Genworth Mortgage Insurance Australia (ASX:GMA) shareholders have earned a 18% CAGR over the last three years

You can receive the average market return by buying a low-cost index fund. But you can make better returns by buying undervalued shares. To wit, Genworth Mortgage Insurance Australia Limited (ASX:GMA) shares are up 24% in three years, besting the market return. More recently the stock has gained 17% in a year, which isn't too bad.

So let's assess the underlying fundamentals over the last 3 years and see if they've moved in lock-step with shareholder returns.

View our latest analysis for Genworth Mortgage Insurance Australia

While markets are a powerful pricing mechanism, share prices reflect investor sentiment, not just underlying business performance. One imperfect but simple way to consider how the market perception of a company has shifted is to compare the change in the earnings per share (EPS) with the share price movement.

During three years of share price growth, Genworth Mortgage Insurance Australia moved from a loss to profitability. So we would expect a higher share price over the period.

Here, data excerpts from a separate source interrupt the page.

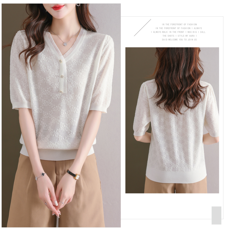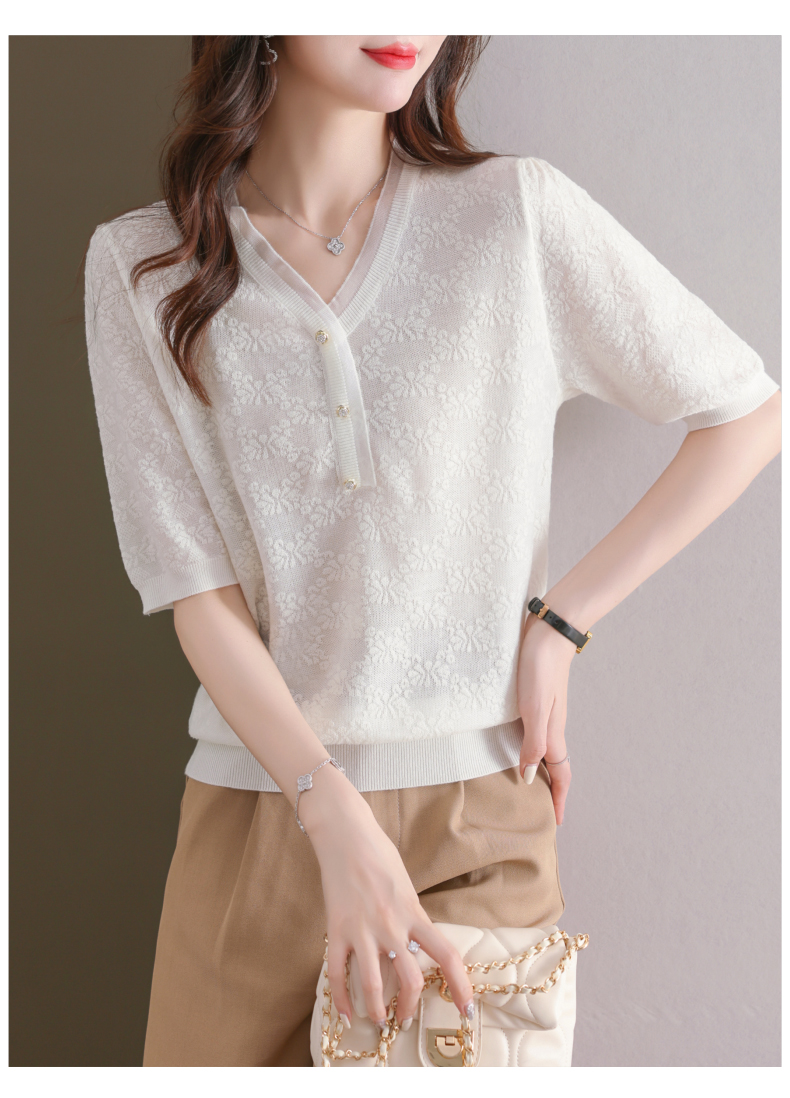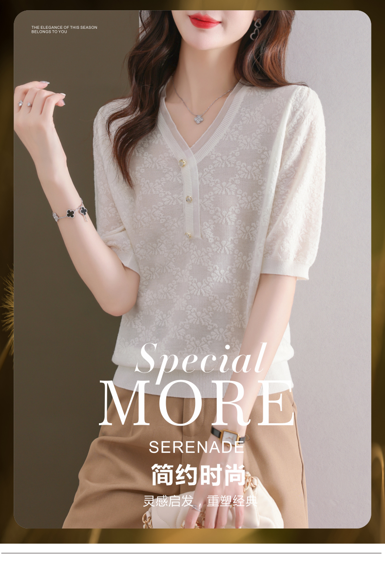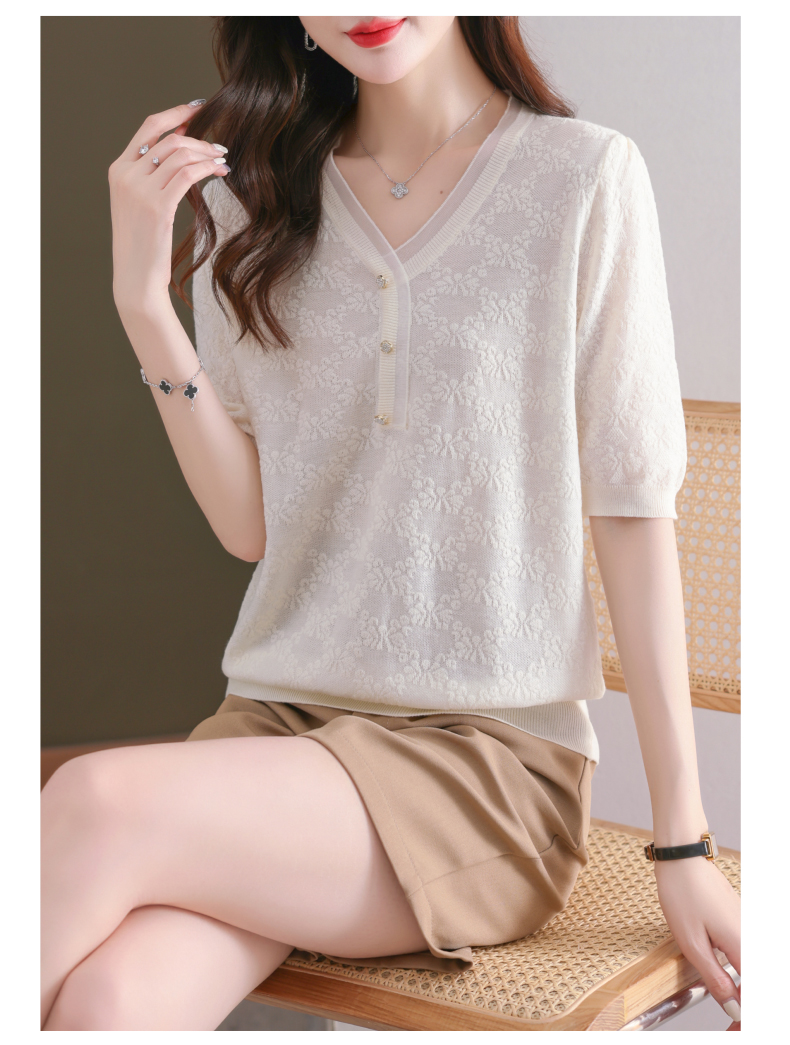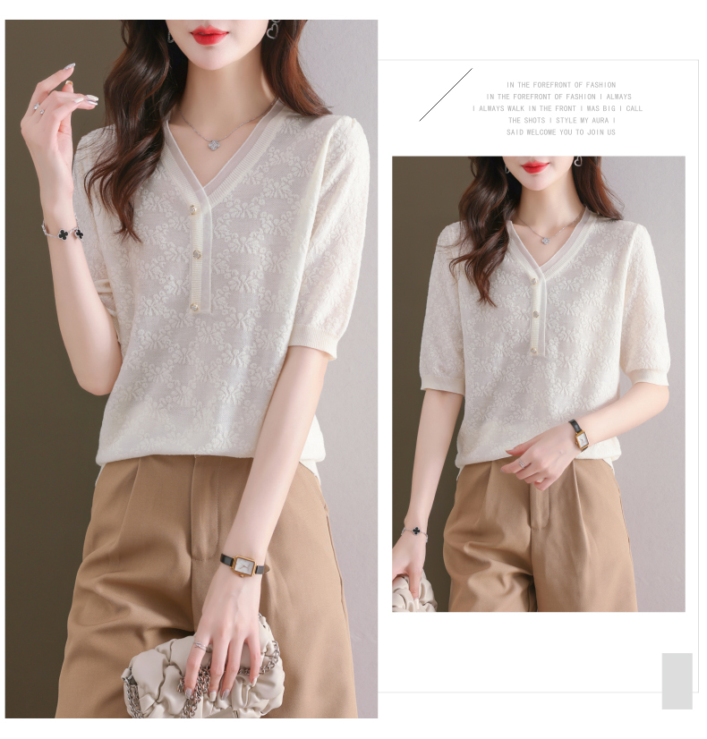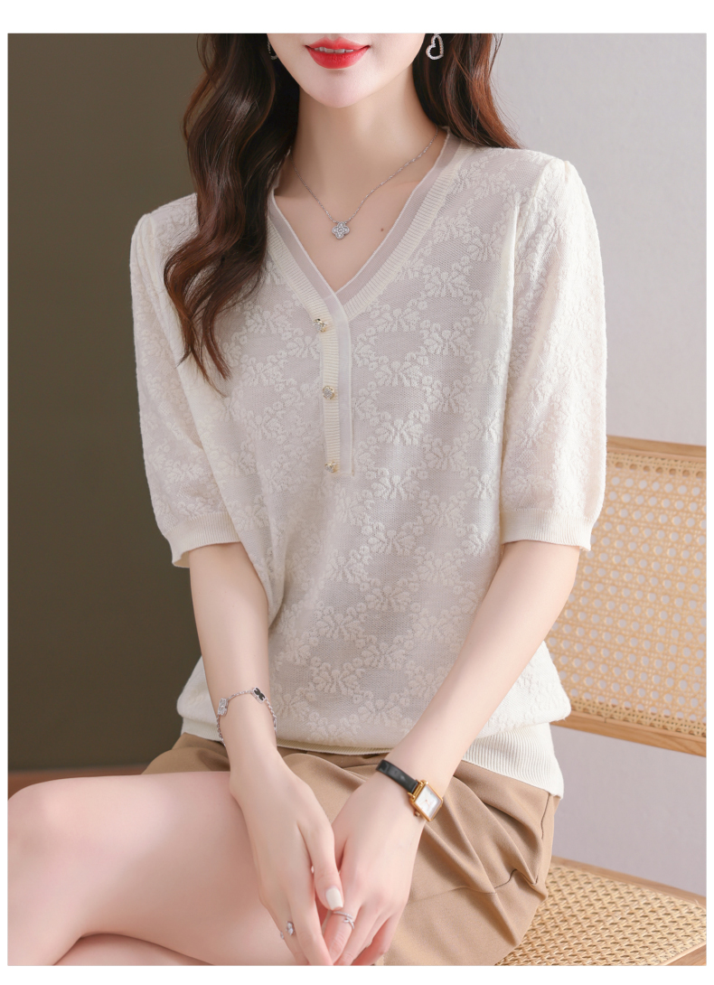 年轻妈妈夏装含桑蚕丝薄款针织衫蕾丝上衣CC-23073
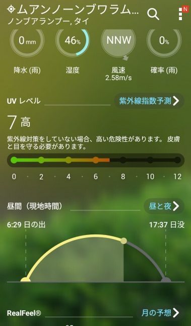 私の携帯電話にUV指数を表示するアプリが入っていましたのでバンコクの数値を見てみました。
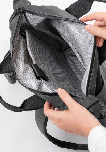 The canvas in our Japan series is made from densely combed and woven organic cotton and finished with a semi-gloss vintage coating. The PFAS free coating gives the styles a water-repellent surface with a leather-like look that polishes with use. We use special high-performance threads for this series that do not absorb water. The rainproof zippers are made from recycled material. The leather applications are made from sustainably tanned premium cowhide. care advice
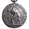 Крест из позолоченной бронзы в форме Женевского креста. Прямые крестообразные руки обшиты золотом и эмалированы белым. Передняя сторона с круглым, приподнятым средним щитом. На верхнем крестообразном плече вьющееся ушко с небольшим кольцом. Подвешено удлиненное сверху расширяющееся ленточное кольцо.
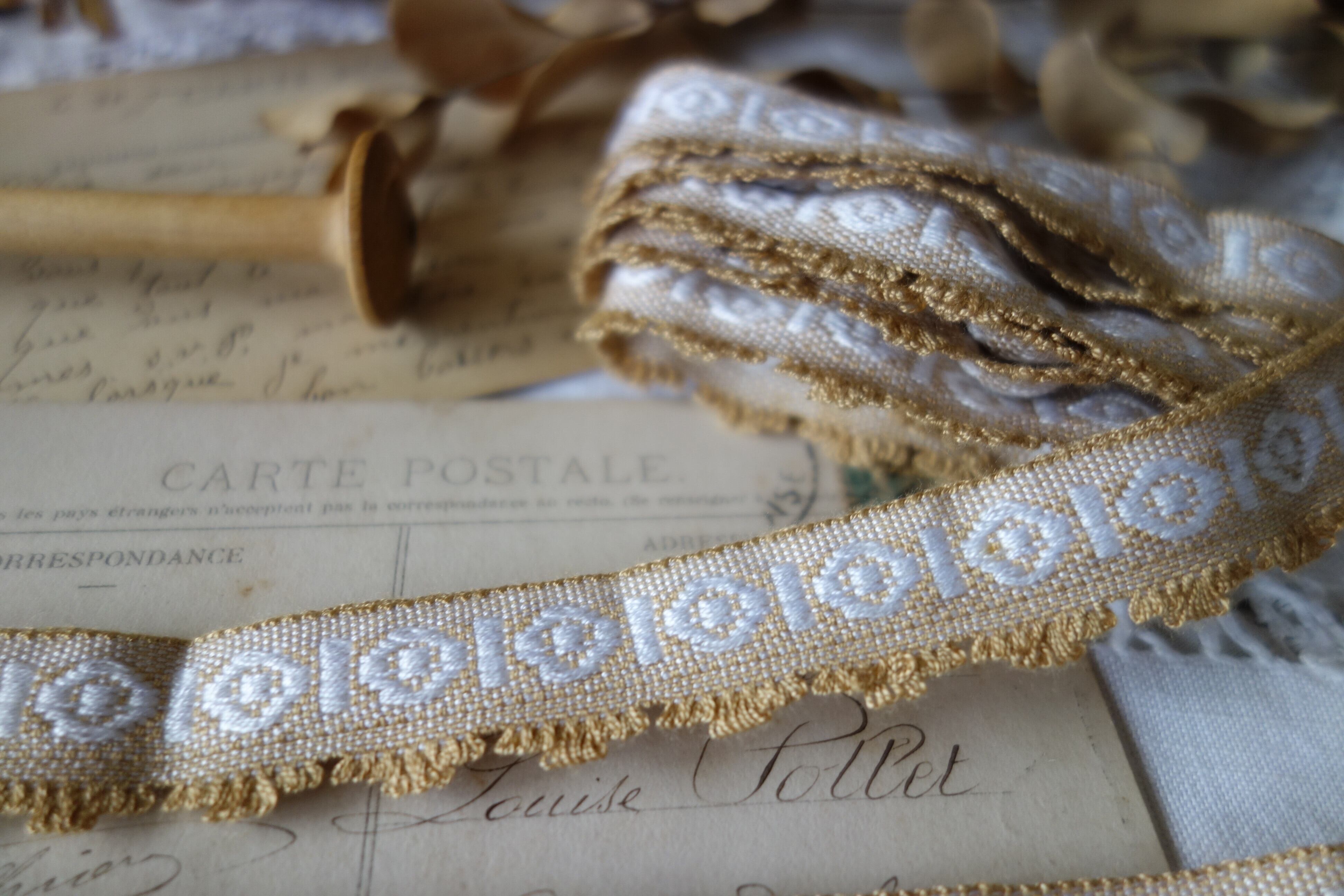40㎝ アンティーク刺繍リボンレース C286 キャメル
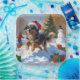 A heartwarming holiday illustration featuring a cheerful dog playing in the snow, wearing a Santa hat and surrounded by colourful gift boxes. In the background, children build a snowman beside a snow-covered Christmas tree, creating a joyful winter wonderland. Perfect for spreading holiday cheer and capturing the magic of Christmas.
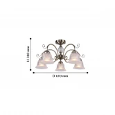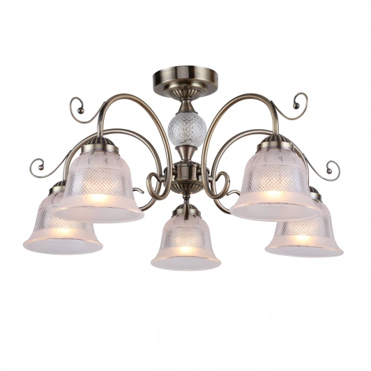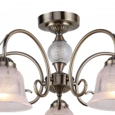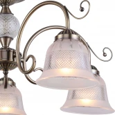 Лампы 5*E14*40W. Каркас в цвете античная бронза дополнен стеклянным декором и полупрозрачными узорными плафонами. Материал и цвет арматуры металл, античная бронза. Плафон полупрозрачное узорное стекло.
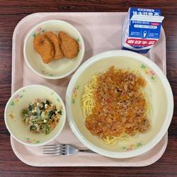 今日の給食は、ミートスパゲティ・牛乳・チキンナゲット・ほうれん草とチーズのサラダです。
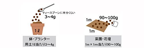 - 使用上の注意:なるべく肥料が直接根に触れないようにしてください。ALAの効果により花や葉の色調が変化する場合があります(生育には問題ありません)。使用後は密封チャックを締め、直射日光や高温や高質を避けて保管して下さい。本商品は有機入りであるために、稀にコバエ等の昆虫、カビ類、不快臭等が発生する場合がありますので、室内でご使用になる際にはご留意下さい。本商品には動物由来たん白質が入っていますから、家畜等の口に入らないところで保管・使用して下さい。
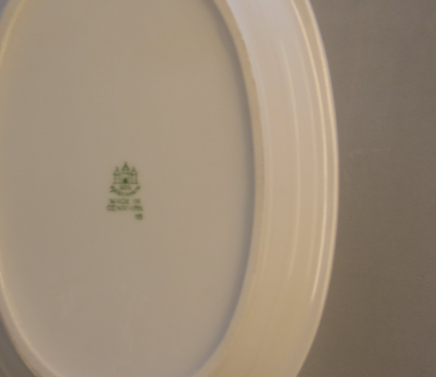 018 Ovalt fad 24 cm (318) Norma Hvid B&G med grå kant og guld
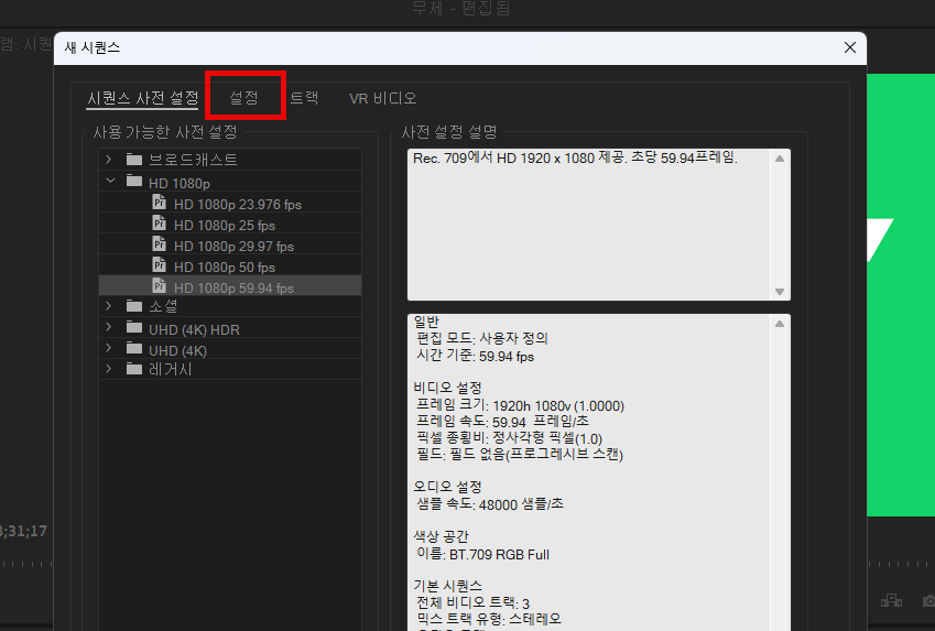 새 시퀀스 만들기로 오셨다면 시퀀스 설정으로 들어가 줍니다.
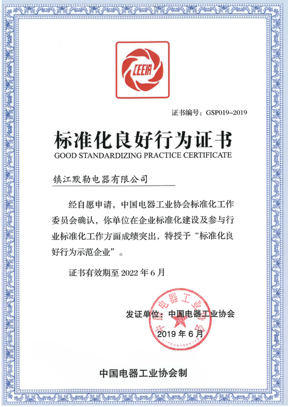 “中国电器工业标准化良好行为示范企业”是由中国电器工业协会标准化工作委员会组织,主要从企业参加标委会及担任职务情况、企业标准体系建设情况、企业标准公开情况、企业优势及主导产品执行标准情况、标准实施给企业带来的经济效益及社会效益情况、企业参与行业及国际标准化活动情况、专利证书情况及标准化人才队伍建设情况等各方面对企业进行的综合性评估。
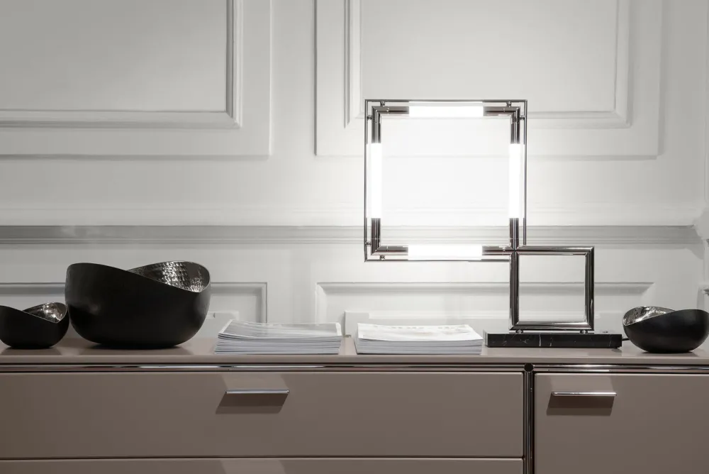 Quadro a été créé par LUMEN CENTER dans les années 70 sur décision du directeur artistique de l’époque, Gilles Derain, l’un des premiers admirateurs et connaisseurs des mouvements modernistes français ; par la suite, il entre dans le catalogue de LUMEN CENTER ITALIA, y restant sans interruption jusqu’à aujourd’hui. Cette nouvelle version est désormais en LED intégrée. A l’époque en 1929, ce design est révolutionnaire dans sa forme. La lampe Quadro est fabriquée avec des tubes en laiton chromé, les diffuseurs sont en acrylique sablé de haute qualité. Le socle est en marbre noir brillant. Un variateur situé sur la base en marbre permet d’ajuster l’intensité lumineuse.
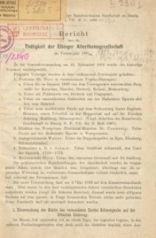 Nadbitka z : Schriften der Naturforschenden Gesellschaft zu Danzig, Bd. VII, H. 3. Sprawozdanie z działalności Elbląskiego Towarzystwa Starożytności za lata 1888/1889. 15 listopada 1888 roku na walnym zgromadzeniu wybrano ponownie dotychczasowy zarząd. W sprawozdaniu wymienione są wykłady, z których jeden poświęcony był Gottfriedowi Aschenwall - ojcu statystyki, pozostałe cztery poświęcone zagadnieniom archeologii. Dowiedzieć się też można o nowych badaniach i odkryciach, m.in. o zbadaniu cmentarzyska z epoki halsztadzkiej na południu od Elbląga.
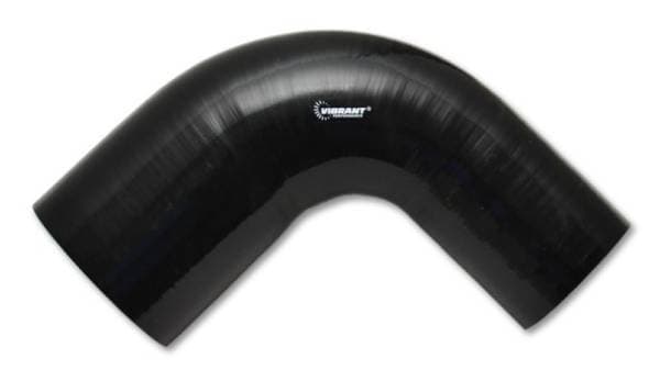 Vibrant Performance Aramid Reinforced Silicone 90 Degrees Transition Elbows feature High Temperature Resistant Aramid Reinforcement Fabric between each layer of silicone which allows for an impressive Operating Temperature Range of -75 Degrees F to 392 Degrees F (-60 Degrees C to 200 Degrees C). These elbows are intended for use in applications where pressurized tubing and connection points require a tight radius bend and size transition to accommodate the installation of piping in limited space. Not suitable for use with Oil/Fuel.
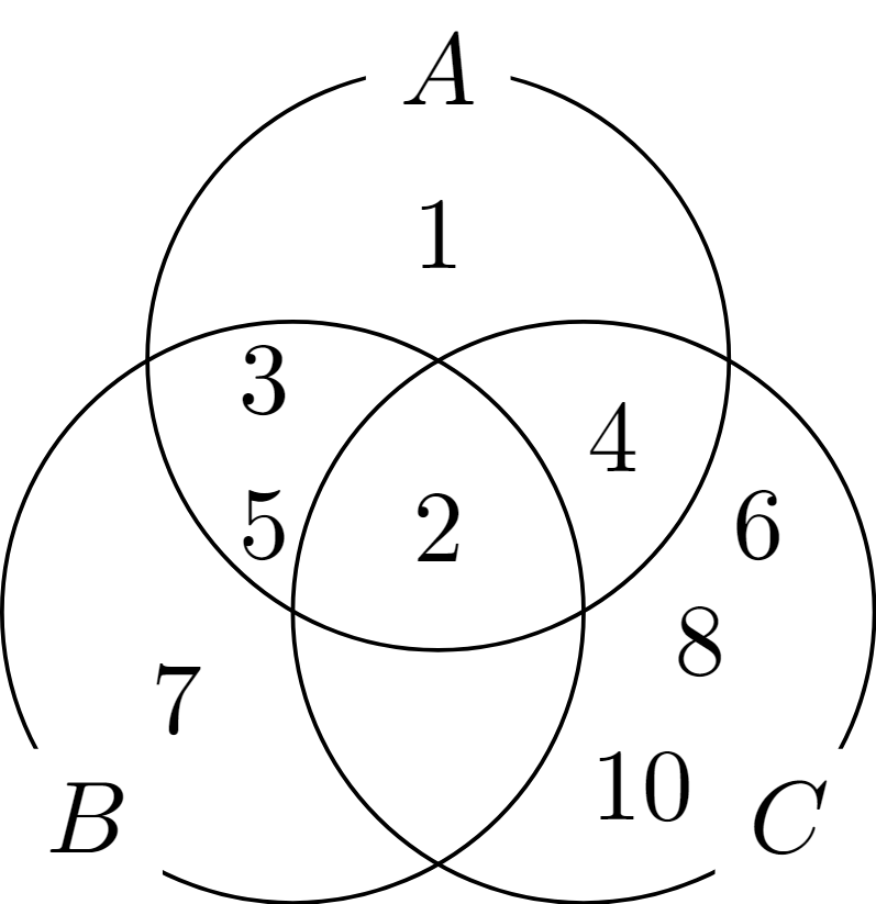 $A,B,C$の共通部分をベン図を用いて可視化すると,次のようになる.

The company's earnings per share (over time) is depicted in the image below (click to see the exact numbers).

earnings-per-share-growth
ASX:GMA Earnings Per Share Growth April 13th 2022

We know that Genworth Mortgage Insurance Australia has improved its bottom line over the last three years, but what does the future have in store? If you are thinking of buying or selling Genworth Mortgage Insurance Australia stock, you should check out this FREE detailed report on its balance sheet.

What About Dividends?

As well as measuring the share price return, investors should also consider the total shareholder return (TSR). The TSR incorporates the value of any spin-offs or discounted capital raisings, along with any dividends, based on the assumption that the dividends are reinvested. Arguably, the TSR gives a more comprehensive picture of the return generated by a stock. We note that for Genworth Mortgage Insurance Australia the TSR over the last 3 years was 65%, which is better than the share price return mentioned above. This is largely a result of its dividend payments!

A Different Perspective

It's nice to see that Genworth Mortgage Insurance Australia shareholders have received a total shareholder return of 31% over the last year. And that does include the dividend. That gain is better than the annual TSR over five years, which is 8%. Therefore it seems like sentiment around the company has been positive lately. Someone with an optimistic perspective could view the recent improvement in TSR as indicating that the business itself is getting better with time. I find it very interesting to look at share price over the long term as a proxy for business performance. But to truly gain insight, we need to consider other information, too. Like risks, for instance. Every company has them, and we've spotted 3 warning signs for Genworth Mortgage Insurance Australia (of which 1 is a bit concerning!) you should know about.